Restate exactly the lines from the top of the listing below to the line containing "- Sturdy woven"; the remaining lines are not wanted.
○ ○ ○ ○ ○
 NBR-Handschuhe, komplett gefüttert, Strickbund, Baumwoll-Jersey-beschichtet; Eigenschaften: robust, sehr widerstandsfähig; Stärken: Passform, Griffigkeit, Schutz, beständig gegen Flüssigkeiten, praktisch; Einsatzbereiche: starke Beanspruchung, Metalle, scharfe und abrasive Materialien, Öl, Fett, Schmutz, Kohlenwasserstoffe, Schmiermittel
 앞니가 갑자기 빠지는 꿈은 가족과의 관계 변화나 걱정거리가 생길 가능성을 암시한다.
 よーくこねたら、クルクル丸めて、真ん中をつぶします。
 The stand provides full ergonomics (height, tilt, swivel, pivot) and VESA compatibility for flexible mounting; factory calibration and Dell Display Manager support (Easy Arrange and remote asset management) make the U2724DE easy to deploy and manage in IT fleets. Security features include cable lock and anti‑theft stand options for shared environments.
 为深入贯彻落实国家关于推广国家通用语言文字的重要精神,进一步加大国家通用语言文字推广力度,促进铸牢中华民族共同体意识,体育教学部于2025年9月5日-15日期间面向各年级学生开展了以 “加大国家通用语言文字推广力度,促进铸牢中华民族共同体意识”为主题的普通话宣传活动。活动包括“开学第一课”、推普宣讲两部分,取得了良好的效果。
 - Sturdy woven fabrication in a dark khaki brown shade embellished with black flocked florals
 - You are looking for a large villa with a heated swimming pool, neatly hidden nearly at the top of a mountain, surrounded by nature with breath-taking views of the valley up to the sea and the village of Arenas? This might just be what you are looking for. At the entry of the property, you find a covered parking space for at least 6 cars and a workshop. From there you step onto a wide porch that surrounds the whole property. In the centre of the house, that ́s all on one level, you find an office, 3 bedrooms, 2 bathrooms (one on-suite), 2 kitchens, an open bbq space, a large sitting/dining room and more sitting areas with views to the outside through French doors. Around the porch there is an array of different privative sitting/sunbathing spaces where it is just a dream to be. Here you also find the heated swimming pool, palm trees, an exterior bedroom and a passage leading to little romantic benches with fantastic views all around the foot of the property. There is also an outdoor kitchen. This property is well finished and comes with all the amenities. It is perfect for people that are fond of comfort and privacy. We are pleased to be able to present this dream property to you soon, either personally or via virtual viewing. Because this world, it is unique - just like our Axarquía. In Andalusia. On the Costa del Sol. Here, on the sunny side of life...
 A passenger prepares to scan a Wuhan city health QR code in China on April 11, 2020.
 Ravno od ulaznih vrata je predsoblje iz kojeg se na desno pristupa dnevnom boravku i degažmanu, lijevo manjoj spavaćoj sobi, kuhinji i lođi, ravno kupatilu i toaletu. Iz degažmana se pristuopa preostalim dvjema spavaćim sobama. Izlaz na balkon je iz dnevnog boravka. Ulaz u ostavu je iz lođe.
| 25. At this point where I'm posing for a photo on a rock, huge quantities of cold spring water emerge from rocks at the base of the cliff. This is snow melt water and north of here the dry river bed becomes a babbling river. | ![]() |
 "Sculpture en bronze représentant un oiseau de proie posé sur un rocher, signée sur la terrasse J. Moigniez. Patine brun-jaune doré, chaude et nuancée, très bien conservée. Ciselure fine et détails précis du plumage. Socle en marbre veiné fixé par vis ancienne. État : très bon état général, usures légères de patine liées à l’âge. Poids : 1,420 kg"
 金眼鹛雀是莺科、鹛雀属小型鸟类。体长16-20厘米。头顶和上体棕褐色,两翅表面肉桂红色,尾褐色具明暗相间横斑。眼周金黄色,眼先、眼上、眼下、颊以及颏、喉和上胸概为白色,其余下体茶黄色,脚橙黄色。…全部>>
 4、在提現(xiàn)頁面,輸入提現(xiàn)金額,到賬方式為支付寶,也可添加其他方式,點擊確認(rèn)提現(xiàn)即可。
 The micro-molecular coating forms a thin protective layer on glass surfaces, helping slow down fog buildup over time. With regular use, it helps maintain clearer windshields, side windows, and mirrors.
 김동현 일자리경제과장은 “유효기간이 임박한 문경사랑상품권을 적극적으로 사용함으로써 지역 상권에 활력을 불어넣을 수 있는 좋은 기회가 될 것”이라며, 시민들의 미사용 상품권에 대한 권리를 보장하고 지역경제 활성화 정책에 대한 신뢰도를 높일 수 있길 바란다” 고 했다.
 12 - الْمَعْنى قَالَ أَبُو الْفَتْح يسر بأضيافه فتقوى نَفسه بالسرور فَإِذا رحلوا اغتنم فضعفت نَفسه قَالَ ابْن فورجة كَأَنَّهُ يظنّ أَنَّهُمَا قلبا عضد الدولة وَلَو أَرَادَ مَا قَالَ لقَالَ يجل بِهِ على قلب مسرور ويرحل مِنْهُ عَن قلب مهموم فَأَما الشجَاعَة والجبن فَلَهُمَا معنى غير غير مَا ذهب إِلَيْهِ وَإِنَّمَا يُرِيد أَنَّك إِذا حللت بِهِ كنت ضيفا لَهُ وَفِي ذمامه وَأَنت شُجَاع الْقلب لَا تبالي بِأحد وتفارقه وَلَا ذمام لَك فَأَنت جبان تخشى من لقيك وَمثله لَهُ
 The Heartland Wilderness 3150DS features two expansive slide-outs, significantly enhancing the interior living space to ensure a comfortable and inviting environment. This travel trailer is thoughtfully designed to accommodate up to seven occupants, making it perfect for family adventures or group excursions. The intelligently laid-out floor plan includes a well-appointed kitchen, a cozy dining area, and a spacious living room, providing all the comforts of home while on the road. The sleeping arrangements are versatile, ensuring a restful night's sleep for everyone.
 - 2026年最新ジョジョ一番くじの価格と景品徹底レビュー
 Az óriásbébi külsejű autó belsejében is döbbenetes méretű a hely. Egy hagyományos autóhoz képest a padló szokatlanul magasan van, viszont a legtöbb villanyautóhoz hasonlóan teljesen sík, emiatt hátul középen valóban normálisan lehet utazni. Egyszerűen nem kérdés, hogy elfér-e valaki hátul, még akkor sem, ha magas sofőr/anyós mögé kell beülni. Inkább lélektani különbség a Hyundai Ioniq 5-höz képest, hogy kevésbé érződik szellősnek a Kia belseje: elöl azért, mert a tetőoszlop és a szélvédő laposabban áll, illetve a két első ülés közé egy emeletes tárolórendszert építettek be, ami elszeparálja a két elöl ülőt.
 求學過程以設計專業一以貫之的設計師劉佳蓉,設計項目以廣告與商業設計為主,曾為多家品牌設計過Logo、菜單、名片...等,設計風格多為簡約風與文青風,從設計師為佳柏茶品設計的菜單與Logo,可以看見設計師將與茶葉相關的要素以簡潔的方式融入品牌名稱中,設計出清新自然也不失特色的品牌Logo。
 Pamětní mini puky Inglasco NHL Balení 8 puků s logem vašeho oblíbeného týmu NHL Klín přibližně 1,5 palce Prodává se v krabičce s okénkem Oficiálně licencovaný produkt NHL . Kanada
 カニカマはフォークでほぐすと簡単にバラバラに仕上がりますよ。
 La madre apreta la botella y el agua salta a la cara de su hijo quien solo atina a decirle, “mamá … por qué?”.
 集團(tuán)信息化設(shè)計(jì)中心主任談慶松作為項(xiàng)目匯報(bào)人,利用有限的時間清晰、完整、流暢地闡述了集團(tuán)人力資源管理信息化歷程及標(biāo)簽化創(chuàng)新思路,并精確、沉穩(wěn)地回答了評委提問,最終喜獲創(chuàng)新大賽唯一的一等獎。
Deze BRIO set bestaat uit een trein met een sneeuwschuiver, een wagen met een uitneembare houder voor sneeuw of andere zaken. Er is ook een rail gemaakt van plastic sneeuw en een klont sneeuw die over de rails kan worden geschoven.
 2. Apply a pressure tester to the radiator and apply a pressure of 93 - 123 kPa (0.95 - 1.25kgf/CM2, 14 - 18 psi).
○ ○ ○ ○ ○
» **Task response**:
 NBR-Handschuhe, komplett gefüttert, Strickbund, Baumwoll-Jersey-beschichtet; Eigenschaften: robust, sehr widerstandsfähig; Stärken: Passform, Griffigkeit, Schutz, beständig gegen Flüssigkeiten, praktisch; Einsatzbereiche: starke Beanspruchung, Metalle, scharfe und abrasive Materialien, Öl, Fett, Schmutz, Kohlenwasserstoffe, Schmiermittel
 앞니가 갑자기 빠지는 꿈은 가족과의 관계 변화나 걱정거리가 생길 가능성을 암시한다.
 よーくこねたら、クルクル丸めて、真ん中をつぶします。
 The stand provides full ergonomics (height, tilt, swivel, pivot) and VESA compatibility for flexible mounting; factory calibration and Dell Display Manager support (Easy Arrange and remote asset management) make the U2724DE easy to deploy and manage in IT fleets. Security features include cable lock and anti‑theft stand options for shared environments.
 为深入贯彻落实国家关于推广国家通用语言文字的重要精神,进一步加大国家通用语言文字推广力度,促进铸牢中华民族共同体意识,体育教学部于2025年9月5日-15日期间面向各年级学生开展了以 “加大国家通用语言文字推广力度,促进铸牢中华民族共同体意识”为主题的普通话宣传活动。活动包括“开学第一课”、推普宣讲两部分,取得了良好的效果。
 - Sturdy woven fabrication in a dark khaki brown shade embellished with black flocked florals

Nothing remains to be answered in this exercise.